> _AIM OF THE EXERCISE_
Output the whole listing exactly, except for the pictures in it.

> _RECORDED DATA_
==*==

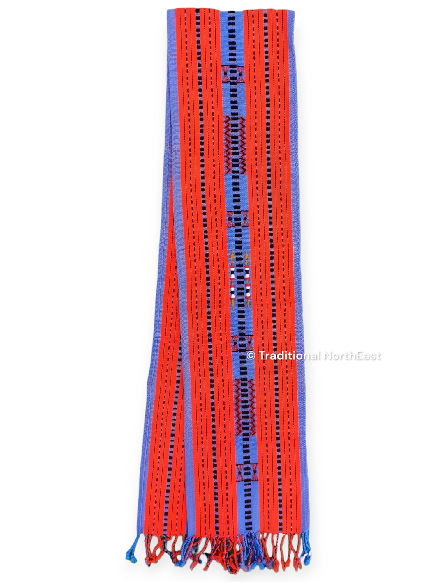 It is a traditional muffler of the Naga tribes.Each symbol engraved there has its own meaning. These mufflers are very authentic items handcrafted and handwoven by local artisans in Nagaland. Wrapped around the neck or draped over the shoulder, it is woven properly and then hand-embellished with embroidery to give it a unique comfort and feel.
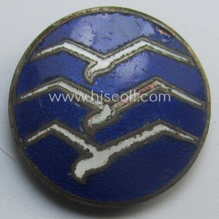This is a neat - and just moderately used and/or worn! - example of a: DLV (ie. 'Deutscher Luftsportsverband') related so-called: 'Segelflieger-C-Abzeichen' being a (typical) non-maker-marked example that retains an almost undamaged enamelled surface and that is void of a serial-number and that comes in an overall nice- (albeit moderately- ie. clearly used and/or worn-), condition. The attractive badge shows three, white-coloured 'Schwingen' and is thus an example of the so-called: 'C-Klasse' (ie. being a: 'Segelflieger-C-Abzeichen' or: glider-pilots badge of the C-class). These attractive badges were worn by members of the DLV but were also worn by 'regular' LW-staff on the standard LW tunics such as the 'Fliegerbluse' and/or other tunics. The badge originates from a German private-household and is just a bit dirty and shows some age and/or wear. The white- and blue-coloured and neatly enamelled piece comes mounted onto its functional 'buttonhole'-set-up and has an approximate diameter of 2,8 cms. and is void of any makers'-designation and has truly nice enamel which shows some minimal damage: it is just a bit tarnished and somewhat darkened by age. A similar example is also figured in the 'Heering-Hüsken'-lapel-pin-catalogue wherein it is given a unique reference-number (8816I) and is given an estimated value of 95 Eu. Simply an attractive 'DLV'-related so-called: 'Segelflieger-C-Abzeichen' that is I deem fairly priced!
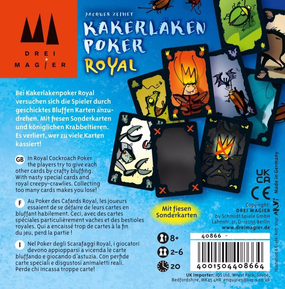 Mit Kakerlakenpoker Royal tauchst du in ein lebhaftes Bluffspiel ein, das jede Runde spannend hält. Neue Royal- und Sonderkarten bringen frischen Schwung ins bekannte Krabbeltier-Chaos und fordern dich heraus, deine Mitspieler geschickt zu täuschen. Du versuchst, ihnen unliebsame Tierkarten unterzujubeln und gleichzeitig ihre Bluffs zu durchschauen. Wer am Ende zu viele Karten sammelt, verliert – ein leicht zugängliches Spiel, das dennoch Raum für clevere Taktik lässt.

==*==

> _COMPLETED EXERCISE_
 It is a traditional muffler of the Naga tribes.Each symbol engraved there has its own meaning. These mufflers are very authentic items handcrafted and handwoven by local artisans in Nagaland. Wrapped around the neck or draped over the shoulder, it is woven properly and then hand-embellished with embroidery to give it a unique comfort and feel.
This is a neat - and just moderately used and/or worn! - example of a: DLV (ie. 'Deutscher Luftsportsverband') related so-called: 'Segelflieger-C-Abzeichen' being a (typical) non-maker-marked example that retains an almost undamaged enamelled surface and that is void of a serial-number and that comes in an overall nice- (albeit moderately- ie. clearly used and/or worn-), condition. The attractive badge shows three, white-coloured 'Schwingen' and is thus an example of the so-called: 'C-Klasse' (ie. being a: 'Segelflieger-C-Abzeichen' or: glider-pilots badge of the C-class). These attractive badges were worn by members of the DLV but were also worn by 'regular' LW-staff on the standard LW tunics such as the 'Fliegerbluse' and/or other tunics. The badge originates from a German private-household and is just a bit dirty and shows some age and/or wear. The white- and blue-coloured and neatly enamelled piece comes mounted onto its functional 'buttonhole'-set-up and has an approximate diameter of 2,8 cms. and is void of any makers'-designation and has truly nice enamel which shows some minimal damage: it is just a bit tarnished and somewhat darkened by age. A similar example is also figured in the 'Heering-Hüsken'-lapel-pin-catalogue wherein it is given a unique reference-number (8816I) and is given an estimated value of 95 Eu. Simply an attractive 'DLV'-related so-called: 'Segelflieger-C-Abzeichen' that is I deem fairly priced!
 Mit Kakerlakenpoker Royal tauchst du in ein lebhaftes Bluffspiel ein, das jede Runde spannend hält. Neue Royal- und Sonderkarten bringen frischen Schwung ins bekannte Krabbeltier-Chaos und fordern dich heraus, deine Mitspieler geschickt zu täuschen. Du versuchst, ihnen unliebsame Tierkarten unterzujubeln und gleichzeitig ihre Bluffs zu durchschauen. Wer am Ende zu viele Karten sammelt, verliert – ein leicht zugängliches Spiel, das dennoch Raum für clevere Taktik lässt.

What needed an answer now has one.